妻が子を連れて、突然、家を出てしまったのだけど、家出した理由が全くわからない、という男性からの相談が増えています。
離婚相談”あるある”の一つです。
このような事例では、妻側からモラハラの主張をされることが多いです。
そして、夫側の典型的な言い分は次のようなものがあります。
①そんな暴言を吐いた覚えはない、でっちあげだ。
→悪気なく妻を傷付けているため覚えていない。
②妻と直接話しがしたい。話せばわかるはずだ。妻は実家の両親に言いくるめられているに違いない。
→直接話せば言いくるめることができると思っている。妻は言い返せなくなっているだけなのに。
③子どものことを考えているのか。子の連れ去りだ。夫には子と面会する権利がある!
→普段は妻に子育てを任せきりなのに、急に子どもと会いたがる。
④妻の言い分は、全部、論破できますよ。たいした主張じゃないですね。
→論破しちゃダメなのに気付いていない。
男性はとかく理屈で物事を考えがちです。仕事の場面では、計画をたて合理的に物事を考えて遂行することが求められますので、頭が良く論理的に思考する人は、仕事ができる優秀な人材として評価されやすいでしょう。

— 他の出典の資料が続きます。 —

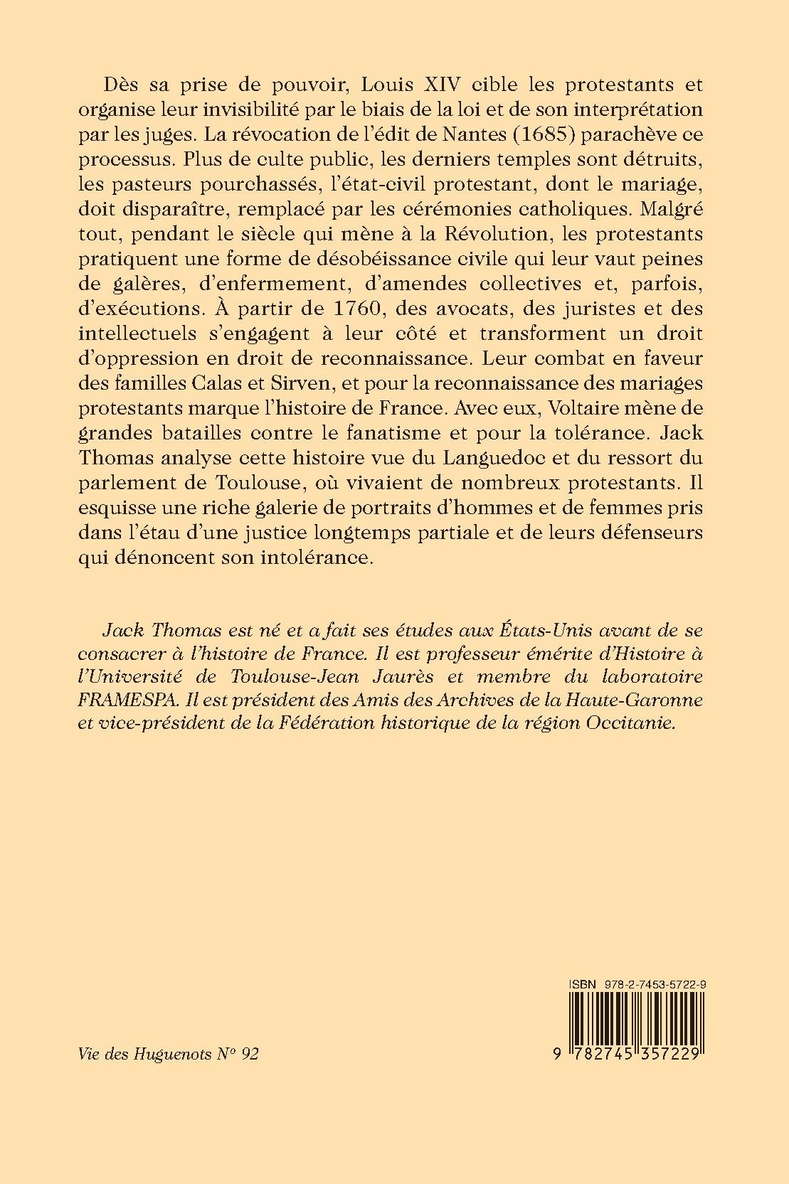 Dès sa prise de pouvoir, Louis XIV cible les protestants et organise leur invisibilité par le biais de la loi et de son interprétation par les juges. La révocation de l’édit de Nantes (1685) parachève ce processus. Plus de culte public, les derniers temples sont détruits, les pasteurs pourchassés, l’état-civil protestant, dont le mariage, doit disparaître, remplacé par les cérémonies catholiques. Malgré tout, pendant le siècle qui mène à la Révolution, les protestants pratiquent une forme de désobéissance civile qui leur vaut peines de galères, d’enfermement, d’amendes collectives et, parfois, d’exécutions. À partir de 1760, des avocats, des juristes et des intellectuels s’engagent à leur côté et transforment un droit d’oppression en droit de reconnaissance. Leur combat en faveur des familles Calas et Sirven, et pour la reconnaissance des mariages protestants marque l’histoire de France. Avec eux, Voltaire mène de grandes batailles contre le fanatisme et pour la tolérance. Jack Thomas analyse cette histoire vue du Languedoc et du ressort du parlement de Toulouse, où vivaient de nombreux protestants. Il esquisse une riche galerie de portraits d’hommes et de femmes pris dans l’étau d’une justice longtemps partiale et de leurs défenseurs qui dénoncent son intolérance.

ところが、そのような人は、家庭でも、論理的、合理的に物事を進めようとする傾向があるようです。妻と喧嘩になったときにも、理詰めで説明して妻の理解を得ようとします。
これに対し、妻の気持ちは理屈で説得されて解決されるものではなく、ちょっと冷たくされたからとか、もう少し感謝の気持ちを示してほしいとか、情緒的な不満足からきていることが多いです。ただ単に共感を求めているだけのことが多いのです。解決案など求めていません。
夫としては、自分の言い分の方が筋が通っているのになぜ妻は理解しないのか、「お前は馬鹿か」と暴言を吐きたくなってしまいます。学歴や収入が夫の方が上の場合、さらに妻を見下すような発言をしたりします。
しかし、夫婦喧嘩においては、筋が通っているとか、論理的であるというのは、たいして重要ではありません。逆に、夫が妻の言い分を論破してしまうと、妻は常に我慢を強いられてストレスをためることになります。
いつまでたっても夫はこれに気が付きません。なぜなら、確かに理屈では夫の言っていることが「正しい」からです。そして、妻も何となく言いくるめられ、ストレスを蓄積させていきます。
このようにして、夫が妻を支配し、妻が不満を募らせて「夫には何を言っても通じない」ということになるのです。夫としては、根気強く話をしたら妻が理解してくれた、などと勘違いしています。妻は我慢するしかなくなってしまうので、表面的には、平穏な家庭にみえることもあります。そして、ついに耐えられなくなり、妻は子を連れて実家に帰ってしまうのです。
出て行く前は、事を荒立てないために、歯を食いしばって平穏を装っています。
そのため、夫からみると、「妻が突然出て行った。なぜ、出て行ったのかさっぱりわからない。勝手なことしやがって。子どものことをちゃんと考えているのか」ということになります。
妻からみると、「夫は話しを聞いてくれない。自分の言い分を押し付けてくる。何を言っても無駄だ。もう限界だから出て行くしかない」ということになります。
弁護士としては、あまりにも典型的な事例なので、壊れたテープレコーダを繰り返し聞かされているような気分にもなります(失礼。。)。
妻は自分の気持ちに共感してほしいだけなのです。頑張って家事や育児をこなしていることを評価してほしいだけなのです。
これに気が付かない夫は、「ただいま~」と家に帰ると、そこには誰もいなくなっているかもしれません。